Test your backups so you know you can successfully restore your data. Run multiple types of tests regularly. They should mimic the kind of scenarios your organisation might run into. A few common use cases are:

  • a simple file restore – where an employee accidentally deletes a file,
  • an application restore – where an application was unsuccessfully upgraded, and needs to be rolled back,
  • a database restore – after a database server failure,
  • an operating system restore – where an operating system upgrade went wrong, and
  • an identity and access system restore – where changes are accidently made to large groups of users and need to be reversed.

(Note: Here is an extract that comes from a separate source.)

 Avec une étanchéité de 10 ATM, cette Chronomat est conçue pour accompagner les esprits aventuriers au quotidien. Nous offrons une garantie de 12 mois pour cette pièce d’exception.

Some of these use cases will need to be tested together, like an application restore that also requires a database rollback, for example. This helps you check that the current configurations allow you to meet your objectives.

Protection

Your backups need to be protected from unauthorised access. You can achieve this through a combination of encryption and physical protection.

Encryption

Backups contain copies of your data in several locations, so it’s important to secure them. Backups should be encrypted at rest using a strong encryption algorithm, with a long and unique password. Standard setting bodies, such as the National Institute of Standards and Technology in the United States (NIST), recommend the Advanced Encryption Standard (AES) encryption algorithm and 256-bit keys.

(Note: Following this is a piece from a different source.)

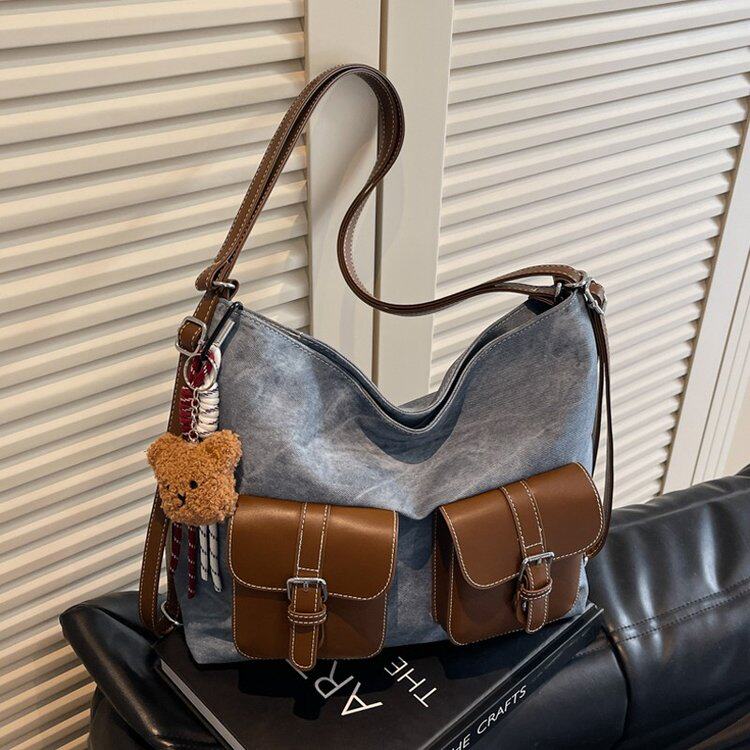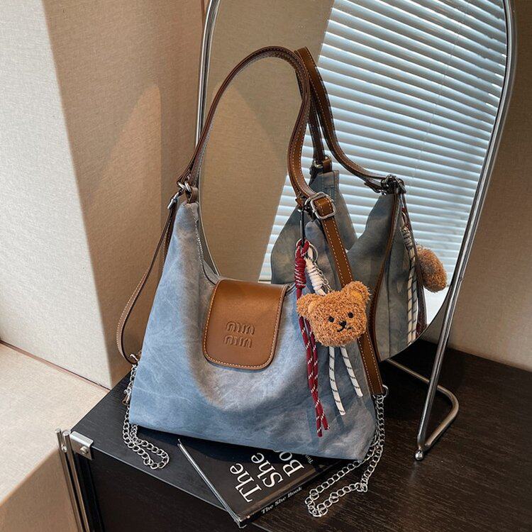 2026夏季新款牛津纺牛仔蓝均码带挂件拉链黑茶色双肩背包校园青年

National Institute of Standards and Technology External Link

Physical protection

Just like you protect physical files, you need to store backup devices somewhere safe. Keep them protected from environmental dangers and unauthorised access. Make sure the devices are kept in a secure room or cabinet and protected from dangers like water or heat damage. Heat can lead to increased media degradation. Access to backup devices and data should be restricted to personnel who support the function.

Automation

Configure backups to a schedule so they can run automatically. Automate the entire backup process as much as possible to make sure it happens when you need it to. This could include creating and storing the backups and sending notifications when they start and finish.

Logging and alerts

Alerting on backup logs will help you make sure your backups are running as expected. You can enable an alert when:

  • an issue happens during the backup process,
  • when backup configurations change, or
  • when backup servers are accessed on the network.

These notifications shouldn't happen often. Make sure that an alert initiates an incident response process.

How to measure success

For every organisation the goals are the same.

  • The data owner needs to make decisions around the importance of the data and recovery times – these are called recovery objectives. The IT team needs to provide advice on these objectives.
  • Perform backups automatically and regularly, on a schedule based on the organisation’s recovery objectives.
  • Send alerts for any backup failures to the people responsible for backups and the owners of the data.
  • Regularly test the backups using different use cases. For example, test restoring a single file at least once a quarter, and test a full restoration at least once a year.

Key takeaways

  • Backups are an effective control for recovering from an incident. You need to have a backup strategy prepared before an incident happens.
  • Grouping your data together into types and assigning a data owner can help when making decisions on how you should handle your backups. Decide:
    • how much of the data you can afford to recreate. This determines how often the backup for that set of data needs to be done
    • how quickly the data needs to be available after an incident. This will determine how and where you store your backups.
  • You need to consider how long you want to retain your backups. The retention policy will vary for each data set.
  • Test your backups frequently and in different ways. We recommend restoring a single file often and completing a full system restoration every couple of months. You don’t want to find that your backups are out of date or that your files are corrupted during an incident.
  • Follow the 3-2-1-1 backup strategy. Have three copies of the data, keep them on two different formats, and store one offsite, and one offline.